■ Data for this task
-*-
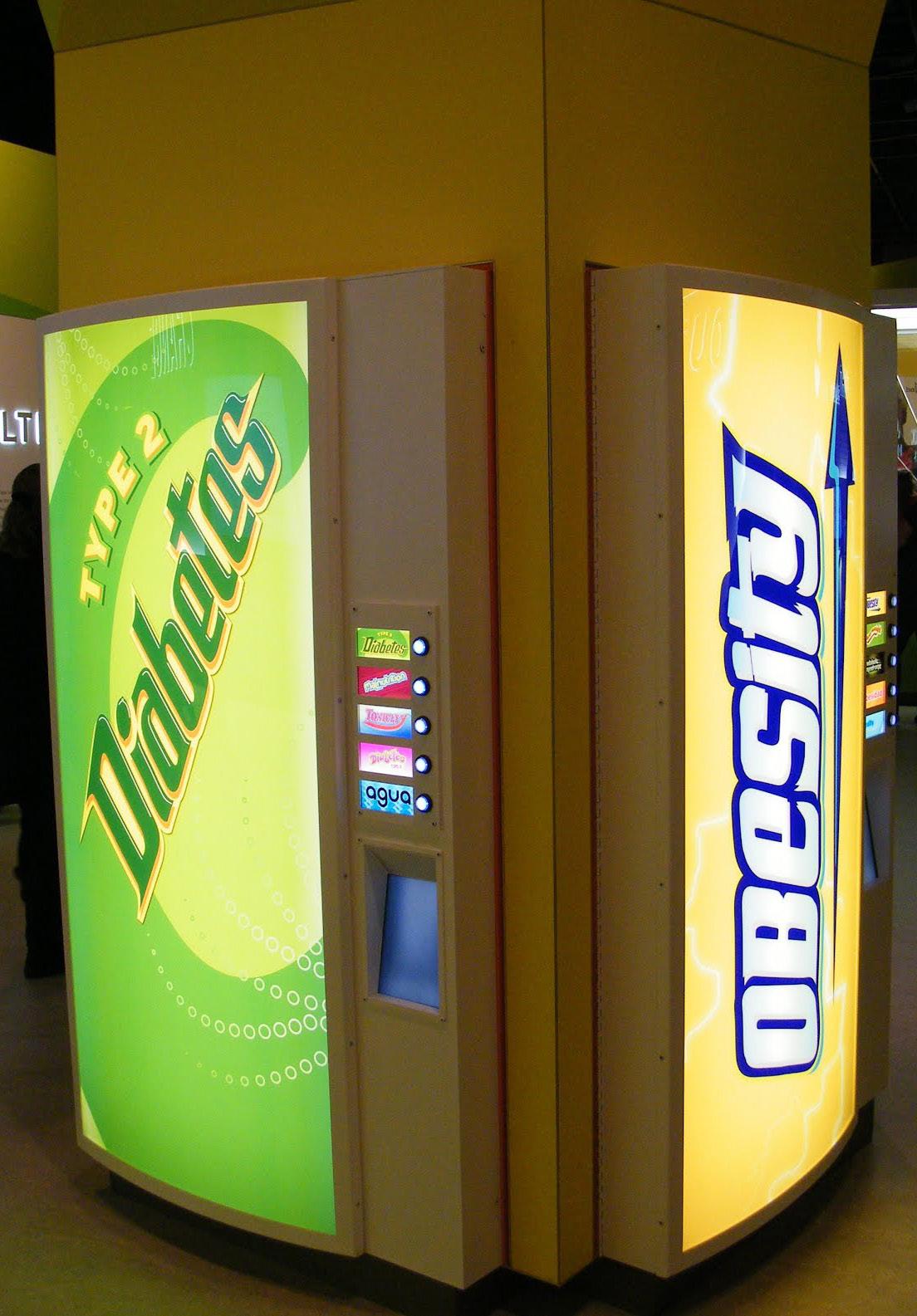 The front of each vending machine shows a logo that resembles a major soda brand, except the name changed to a disease related to excess sugar consumption.
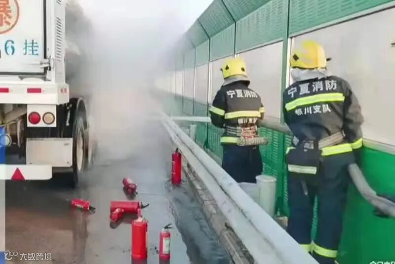 京藏高速银川段一槽罐车轮胎起火
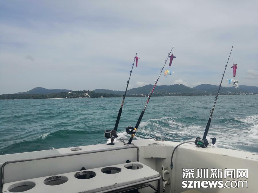 普吉岛码头上,船还没起航,三个海钓鱼竿早已准备就位了
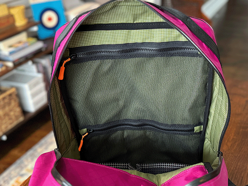The pockets are all of my own design minus the front turtle shell. I thought about everything I needed it to hold and designed them that way. I also noted what didn’t work from my TRVL 15L backpack in terms of pockets and size.
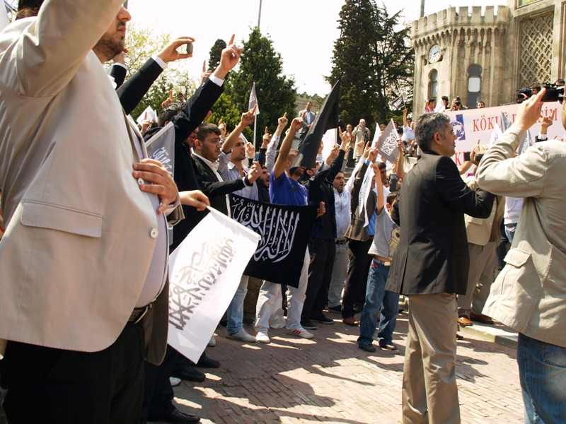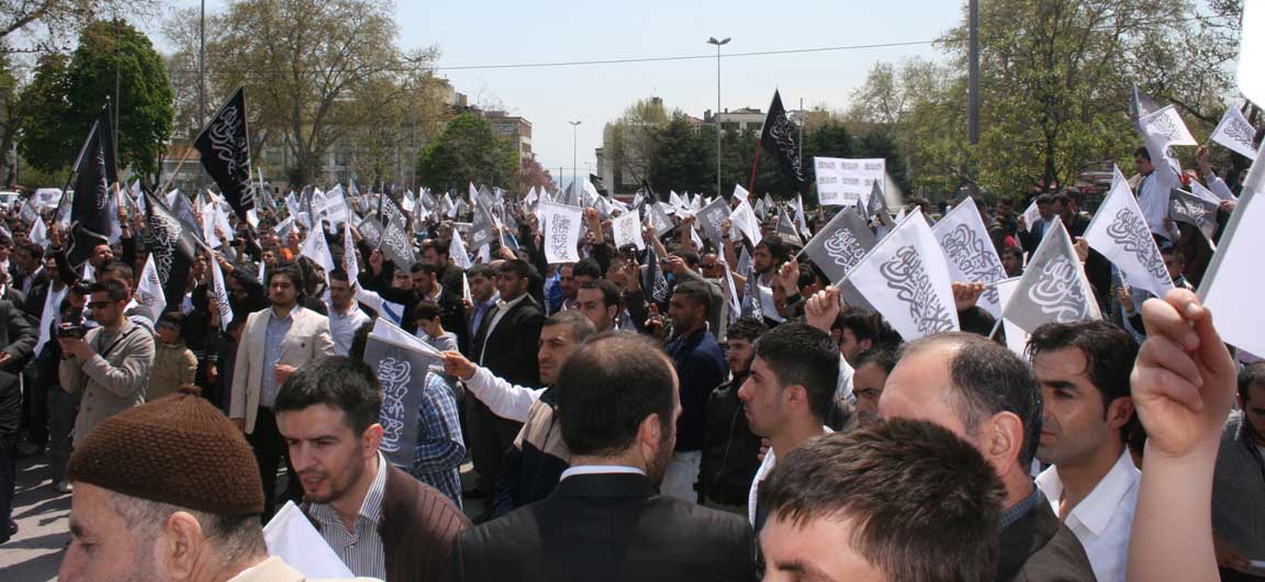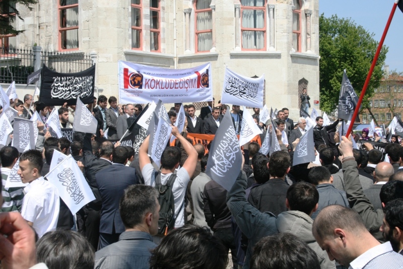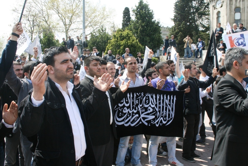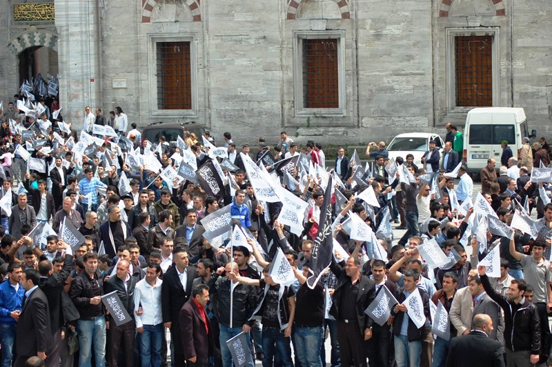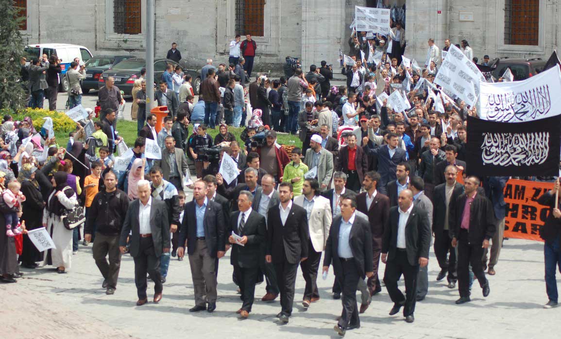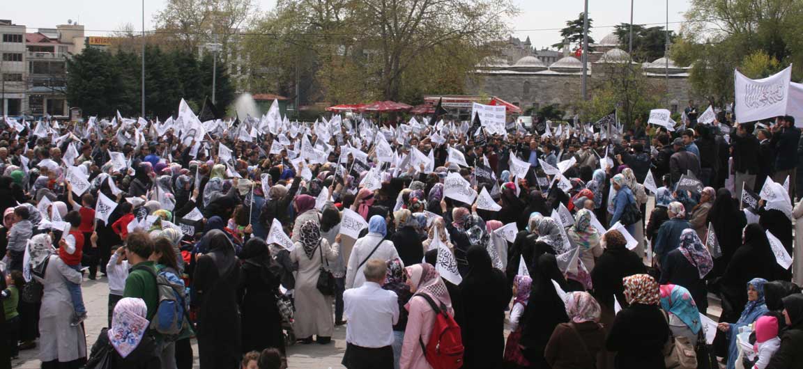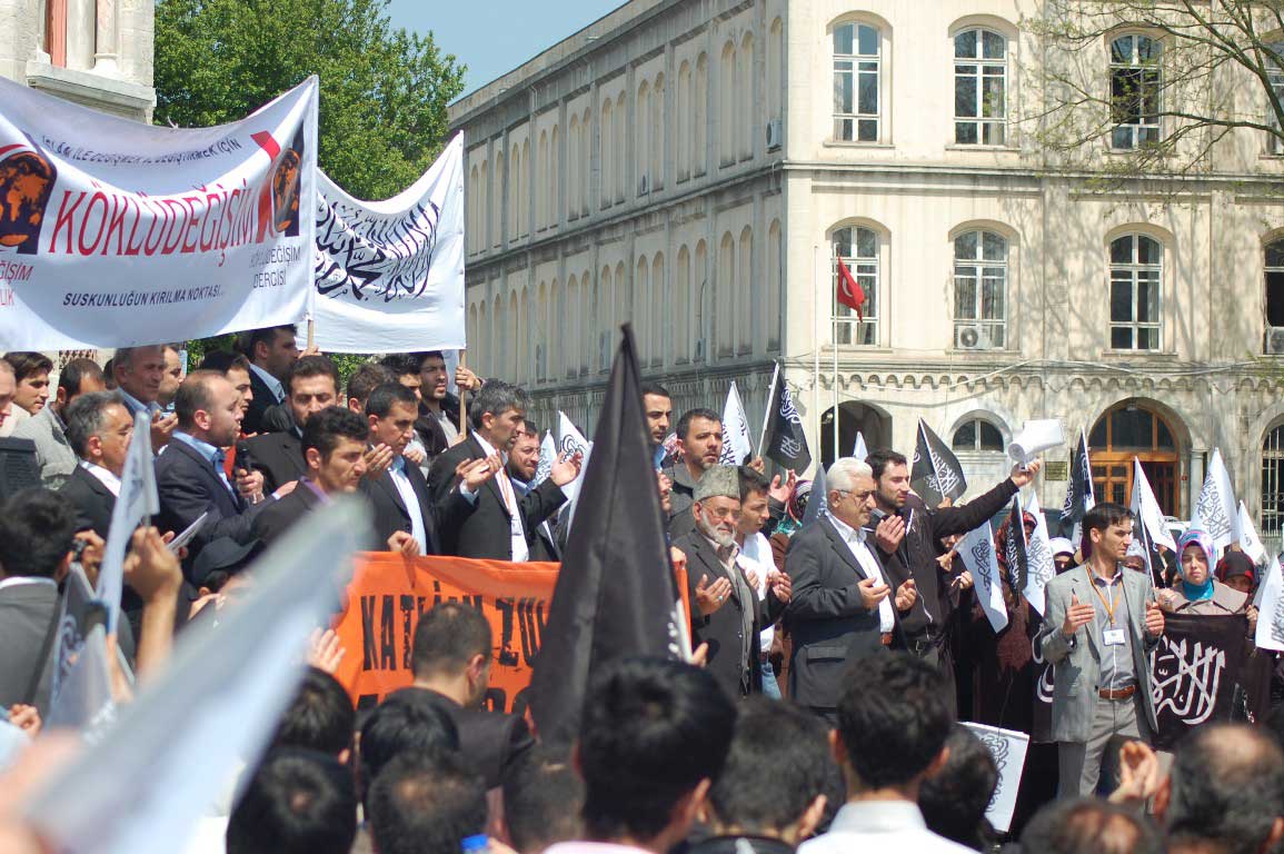 بحمد الله وفضله نظمت مجلة التغيير الجذري التي يصدرها شباب حزب التحرير في ولاية تركيا اليوم الأحد الموافق 05 جمادى الآخرة 1432 هـ - 08 أيار/مايو 2011م عقب صلاة الظهر مباشرة اعتصاماً حاشداً في ساحة جامع بايزيد في اسطنبول بعنوان "فلتوقف مجازر ظالم سوريا/الأسد"؛ وذلك للتنديد بالمجازر الوحشية التي يقترفها النظام السوري تجاه المسلمين العزل في سوريا. وقد شارك نحو أربعة آلاف مسلم ومسلمة في هذه الفعاليات التي نظمتها المجلة والتي شارك فيها تحت مظلتها عدد من الجمعيات والأوقاف والمؤسسات الإسلامية منها: جمعية أُزغُر دِر (Özgür Der) ووقف أكداف (Akdav) ومؤسسة إغاثة حقوق وحريات الإنسان (İHH)، حيث رفع المشاركون رايات العقاب السوداء رايات دولة الخلافة والألوية البيضاء وأطلقوا التكبيرات وحملوا يافطات تندد بالمجازر الوحشية التي يرتكبها نظام الأسد الطاغوتي تجاه إخواننا المسلمين في سوريا. وقد حملت اليافطات والشعارات التي رفعت خلال الاعتصام عبارات جاء فيها: "مجازر، ظلم، فساد، قهراً لك بشار الأسد"، "لا إله إلا الله، الخلافة وعد الله".
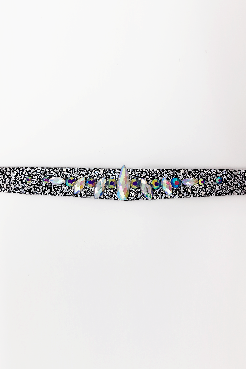 AB silver and black leatherette with iridescent rhinestones.
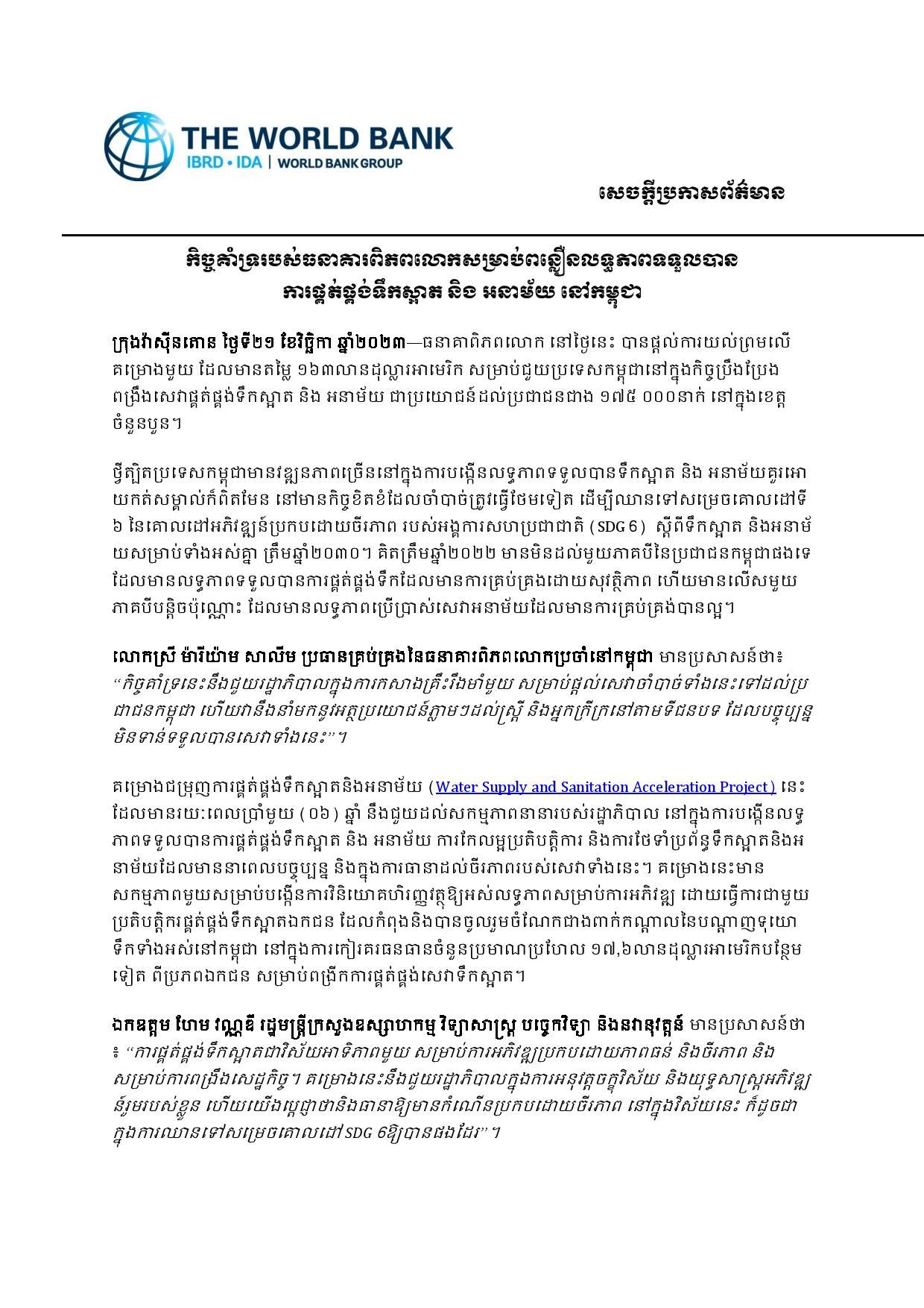 ធនាគារពិភពលោក ផ្ដល់ថវិកា១៦៣លានដុល្លារ សម្រាប់ជួយកម្ពុជា ក្នុងការពង្រឹងសេវាផ្គត់ផ្គង់ទឹកស្អាត និងអនាម័យ នៅខេត្ដចំនួន៤
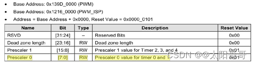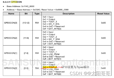 GPD0CON[0] [3:0]-------0x2(GPIO设置为PWM输出)
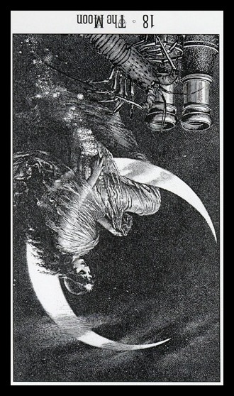 The Hermit, also a 9, closed off the upperworld. The Moon closes the underworld.
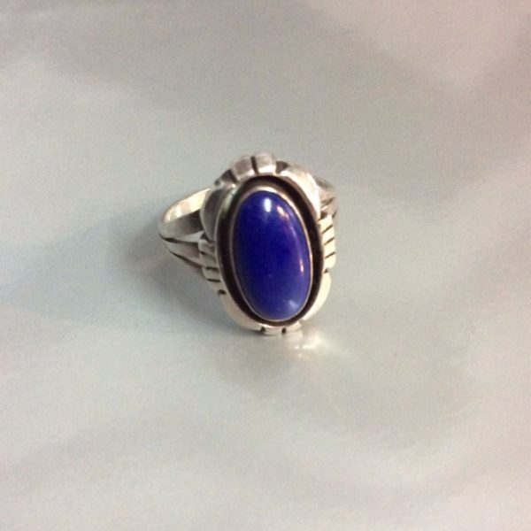 RING – LAPIS STONE – STERLING SILVER SETTING – SIGNED D
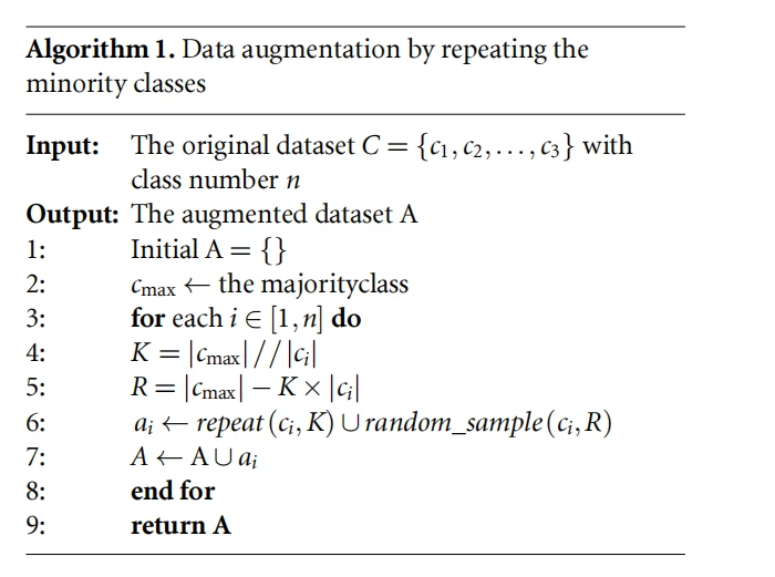 少数类的重复样本是一种简单的方法,通过简单地从少数类[2]中随机复制选定的样本。在训练过程中对该方法进行了验证。在我们的研究中,该过程如算法1所示。我们构建了具有所有样本具有平等机会来补偿少数类的增强数据集。
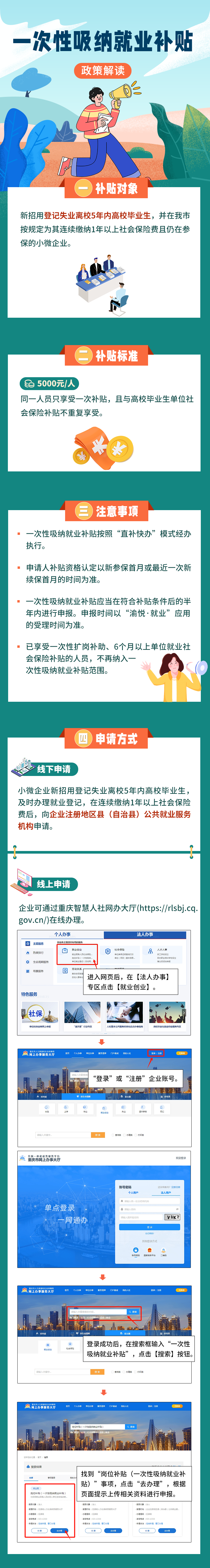 11月15日,重庆市就业服务管理局发布政策解读,关于一次性吸纳就业补贴每人5000元的申领条件。申领对象为新招用登记失业离校5年内高校毕业生,并在我市按规定为其连续缴纳1年以上社会保险费且仍在参保的小微企业。同一人员只享受一次补贴,且与高校毕业生单位社会保险补贴不重复享受。
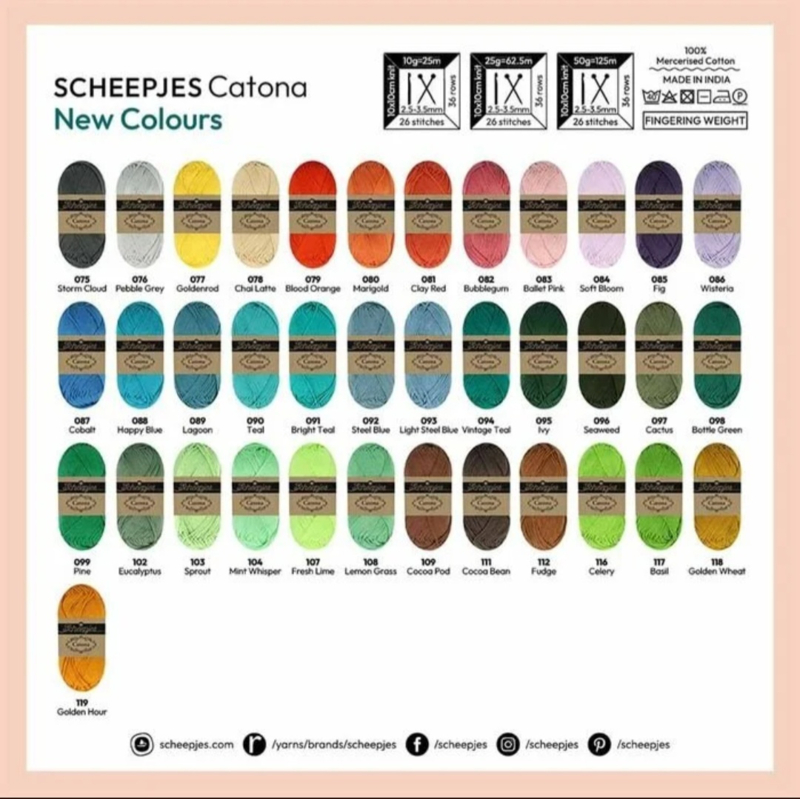De nieuwste ontwikkelingen rondom Scheepjes Catona (per april 2026) zijn de toevoeging van 37 nieuwe kleuren, waarmee het totale kleurenpalet op 150 kleuren komt
-*-
■ Try it
Word for word, write out the full listing, leaving the pictures aside.

■ Answer to this problem
 The front of each vending machine shows a logo that resembles a major soda brand, except the name changed to a disease related to excess sugar consumption.
 京藏高速银川段一槽罐车轮胎起火
 普吉岛码头上,船还没起航,三个海钓鱼竿早已准备就位了
The pockets are all of my own design minus the front turtle shell. I thought about everything I needed it to hold and designed them that way. I also noted what didn’t work from my TRVL 15L backpack in terms of pockets and size.
 بحمد الله وفضله نظمت مجلة التغيير الجذري التي يصدرها شباب حزب التحرير في ولاية تركيا اليوم الأحد الموافق 05 جمادى الآخرة 1432 هـ - 08 أيار/مايو 2011م عقب صلاة الظهر مباشرة اعتصاماً حاشداً في ساحة جامع بايزيد في اسطنبول بعنوان "فلتوقف مجازر ظالم سوريا/الأسد"؛ وذلك للتنديد بالمجازر الوحشية التي يقترفها النظام السوري تجاه المسلمين العزل في سوريا. وقد شارك نحو أربعة آلاف مسلم ومسلمة في هذه الفعاليات التي نظمتها المجلة والتي شارك فيها تحت مظلتها عدد من الجمعيات والأوقاف والمؤسسات الإسلامية منها: جمعية أُزغُر دِر (Özgür Der) ووقف أكداف (Akdav) ومؤسسة إغاثة حقوق وحريات الإنسان (İHH)، حيث رفع المشاركون رايات العقاب السوداء رايات دولة الخلافة والألوية البيضاء وأطلقوا التكبيرات وحملوا يافطات تندد بالمجازر الوحشية التي يرتكبها نظام الأسد الطاغوتي تجاه إخواننا المسلمين في سوريا. وقد حملت اليافطات والشعارات التي رفعت خلال الاعتصام عبارات جاء فيها: "مجازر، ظلم، فساد، قهراً لك بشار الأسد"، "لا إله إلا الله، الخلافة وعد الله".
 AB silver and black leatherette with iridescent rhinestones.
 ធនាគារពិភពលោក ផ្ដល់ថវិកា១៦៣លានដុល្លារ សម្រាប់ជួយកម្ពុជា ក្នុងការពង្រឹងសេវាផ្គត់ផ្គង់ទឹកស្អាត និងអនាម័យ នៅខេត្ដចំនួន៤
 GPD0CON[0] [3:0]-------0x2(GPIO设置为PWM输出)
 The Hermit, also a 9, closed off the upperworld. The Moon closes the underworld.
 RING – LAPIS STONE – STERLING SILVER SETTING – SIGNED D
 少数类的重复样本是一种简单的方法,通过简单地从少数类[2]中随机复制选定的样本。在训练过程中对该方法进行了验证。在我们的研究中,该过程如算法1所示。我们构建了具有所有样本具有平等机会来补偿少数类的增强数据集。
 11月15日,重庆市就业服务管理局发布政策解读,关于一次性吸纳就业补贴每人5000元的申领条件。申领对象为新招用登记失业离校5年内高校毕业生,并在我市按规定为其连续缴纳1年以上社会保险费且仍在参保的小微企业。同一人员只享受一次补贴,且与高校毕业生单位社会保险补贴不重复享受。
De nieuwste ontwikkelingen rondom Scheepjes Catona (per april 2026) zijn de toevoeging van 37 nieuwe kleuren, waarmee het totale kleurenpalet op 150 kleuren komt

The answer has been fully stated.